On Fri, Dec 23, 2005 at 10:26:30AM -0700, Richard Fish wrote > If I had to make a guess, I would say that your ISP has got some > kind of proxy service setup that lies to you about the address of > www.google.com, so that you actually connect through one of their > servers. > > If that is the case, then it is also possible that they set the > expire time on the DNS responses to expire immediately to prevent > any local caching of the addresses. Probably some load-balancing "magic" by Google... Searching for 72.14.203.104 in whois.arin.net OrgName:Google Inc. OrgID: GOGL Address:1600 Amphitheatre Parkway City: Mountain View StateProv: CA PostalCode: 94043 Country:US NetRange: 72.14.192.0 - 72.14.239.255 CIDR: 72.14.192.0/19, 72.14.224.0/20 NetName:GOOGLE NetHandle: NET-72-14-192-0-1 Parent: NET-72-0-0-0-0 NetType:Direct Allocation NameServer: NS1.GOOGLE.COM NameServer: NS2.GOOGLE.COM Comment: RegDate:2004-11-10 Updated:2005-07-01 > You might test with a less popular address, something that is unlikely > to be cached/proxied by your ISP. > > Anyway nscd appears to be setup and working correctly.
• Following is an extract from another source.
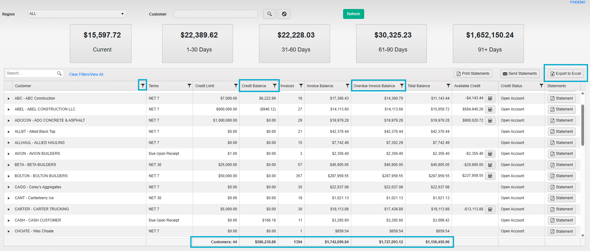 Note: If a customer has no open invoices but has a credit balance, it will display on Aging reports but not on the Balance Dashboard.

Ping connected > to the nscd socket, and did not send any DNS queries directly. So > your end looks like it is setup and working correctly. More proof that it "works"... I tried connecting to a Yahoo forum, and got a negative response for messages.yahoo.com on the first try. The "negative cache" feature certainly "worked". Several retries failed as well. I set "negative-time-to-live hosts 2" and re-started nscd, and the forum now works. I'm obviously able to specify a shorter negative cache time. Is there any way for nscd to over-ride the maximum TTL from the DNS server for a positive hit? On a more positive note, ZDNet forums seem much snappier now. They've been slow in the past, 3 megabits ADSL notwithstanding. -- Walter Dnes <[EMAIL PROTECTED]> In linux /sbin/init is Job #1 My musings on technology and security at http://tech_sec.blog.ca -- gentoo-user@gentoo.org mailing list
Re: [gentoo-user] nscd; what am I doing wrong?
> There is something strange here > > When I lookup "www.google.com", I get: > > carcharias ~ # host www.google.com > www.google.com has address 66.102.7.104 > carcharias ~ # host 66.102.7.104 > 104.7.102.66.in-addr.arpa domain name pointer www.google.com. > > However for www.google.com, you get 72.14.203.104. But that address > doesn't resolve to a host name when I do a reverse lookup. > > carcharias ~ # host 72.14.203.104 > 104.203.14.72.in-addr.arpa has no PTR record > > If I had to make a guess, I would say that your ISP has got some kind > of proxy service setup that lies to you about the address of > www.google.com, so that you actually connect through one of their > servers. > google.com isn't a good test case. They use some Really advanced load balancing/routing/ localization algorithism for their network. Best to use a smaller, single-homed Name for a test. -Lares -- Lares Moreau <[EMAIL PROTECTED]> | LRU: 400755 http://counter.li.org lares/irc.freenode.net | Gentoo x86 Arch Tester | ::0 Alberta, Canada Public Key: 0D46BB6E @ subkeys.pgp.net | Encrypted Mail Preferred Key fingerprint = 0CA3 E40D F897 7709 3628 C5D4 7D94 483E 0D46 BB6E signature.asc Description: This is a digitally signed message part
Re: [gentoo-user] nscd; what am I doing wrong?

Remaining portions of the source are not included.